Our initial approach to managing the growth of our queue’s datasets involved a relatively straightforward heuristic: compacting a dataset when a certain percentage of the jobs within it were completed. While this strategy aimed to keep datasets lean, it came with a significant operational drawback. The compaction process, which typically involves copying active data from the old dataset(s) to a new, smaller one, is resource-intensive. Critically, during this data copying phase, all other read and update operations on the affected queue need to be paused. For a system designed for continuous data flow, these pauses, however brief, were disruptive and could impact overall pipeline latency.

Our goal remained to keep the queues as lean as possible to maintain performance, but this had to be balanced against the need for high availability and minimal disruption. This led to an evolution in the compaction logic, moving from a brute-force, percentage-based trigger to a more selective and intelligent set of rules.

Two key strategies emerged from this refinement:

  1. Fast deletion for completed datasets: If all jobs within a particular dataset are processed and marked as completed, the entire dataset can be quickly removed. This operation, often translating to a DROP TABLE, is significantly faster than copying data and typically involves minimal locking, thus avoiding lengthy queue pauses.
  2. Conditional merging/compaction for active datasets: For datasets that still contain active (incomplete) jobs, the decision to compact (i.e. copy data to a new, consolidated dataset) became more nuanced. The revised logic dictates that such a compaction operation is performed only if it results in fewer active datasets than before. For example, if three consecutive datasets have, say, 30,000, 20,000 and 30,000 incomplete jobs respectively out of an original 100,000 each, they might be compacted into a new single dataset containing 80,000 active jobs. However, if only one dataset was to be compacted the compaction would be deferred.

Caching: The pill against growing pains

As our queues scale, the number of datasets can grow substantially. It's not uncommon for a mature queue to be composed of hundreds of such datasets. While compaction strategies help manage the size and count of these datasets, a large number of active datasets can still persist, especially during periods of high ingress or when processing long-running jobs.

This proliferation of datasets can negatively impact query performance, particularly when trying to locate specific jobs. Consider a scenario where a particular pipeline (a logical partition within the queue, perhaps defined by a source id or destination id) has only a few incomplete jobs, and these jobs happen to reside in the most recently created datasets, effectively at the "end" of the logical queue. To find these jobs, a query might naively have to iterate through or check hundreds of older datasets first, even if those older datasets contain no pending jobs for that specific pipeline. This leads to wasted I/O and increased query latency.

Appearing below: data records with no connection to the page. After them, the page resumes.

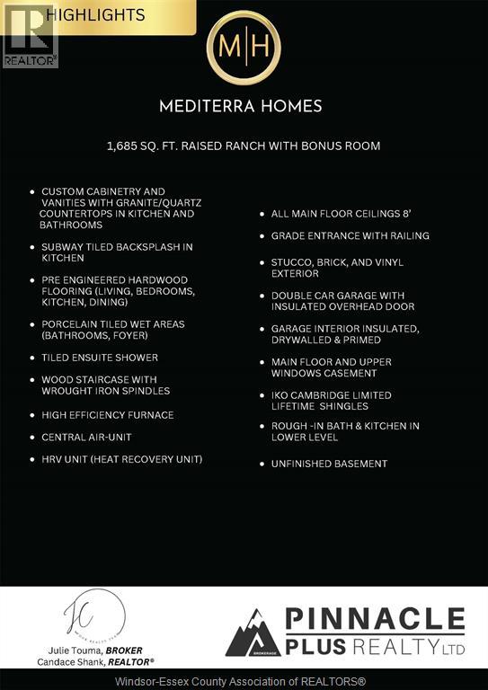 FOR A LIMITED TIME - INTRODUCTORY PRICING!! Welcome to Mayrand Street in the new Villa Oaks Estates Subdivision! The 'Terra' model is a spacious Raised Ranch semi-detached home with bonus room and attached double garage features 3 Bedrooms & 2 Bathrooms in a quiet neighbourhood just minutes from many amenities. Step inside to the bright, welcoming space with hardwood floors in the kitchen all living areas and tile flooring in the foyer and baths. The open floor plan seamlessly connects the living room to the dining area and kitchen, making it ideal for entertaining and family gatherings. The kitchen’s functional layout features plenty of cabinet space, island, solid surface countertops and beautiful coffee bar. The upper level features a large primary bedroom with 4-piece ensuite and walk-in closet- a private oasis! The unfinished basement features a grade entrance, rough-in bath and rough-in kitchen. Located in a desirable LaSalle neighborhood with easy access to local schools, shopping, and major highways. First Time Home Buyer Rebate Applies if eligible-Ask Listing Agent for more details! (id:4555)
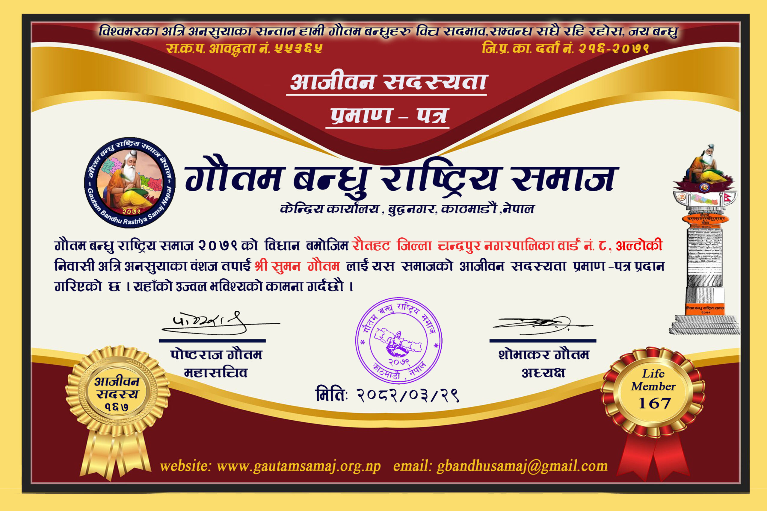 ६४ खडानन्द गौतम गोकणेश्वर ८ , काठमाडौं ०१/१६/२०७९
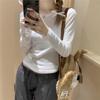 Lace Faux Two-Piece Long-Sleeve T-Shirt for Women - 2025 Spring Slim Style with Bow Detail

To mitigate this, we implemented several layers of caching, tailored to specific bottlenecks:

  1. The "No Jobs Cache": This is an application-level cache designed to short-circuit queries for pipelines in datasets where they have no active jobs. It maintains a record, indicating which (pipeline_id, dataset_id) combinations are known to have zero incomplete jobs. Before issuing a database query to a specific dataset for a given pipeline's jobs, the system first consults this cache. If the cache indicates that (pipeline_X, dataset_Y) has no incomplete jobs, the database query against dataset_Y for pipeline_X is skipped entirely. This simple yet effective mechanism can dramatically speed up job discovery by pruning the search space, avoiding unnecessary database access for segments known to be empty for the target pipeline.
  2. Active Pipelines Cache (Revisited): As mentioned earlier in the context of optimizing SELECT DISTINCT queries, we also employ a cache for the list of active pipelines. Even with optimized SQL using recursive CTEs to emulate loose index scans, repeatedly executing this query every second across a multitude of datasets can impose a significant and often redundant load on the database, especially when the set of active pipelines doesn't change frequently within that one-second interval. This cache stores the results of the "active pipelines" query for a short Time-To-Live (TTL). Subsequent requests for this list within the TTL are served from the cache, reducing database load and improving the responsiveness of the worker dispatching mechanism.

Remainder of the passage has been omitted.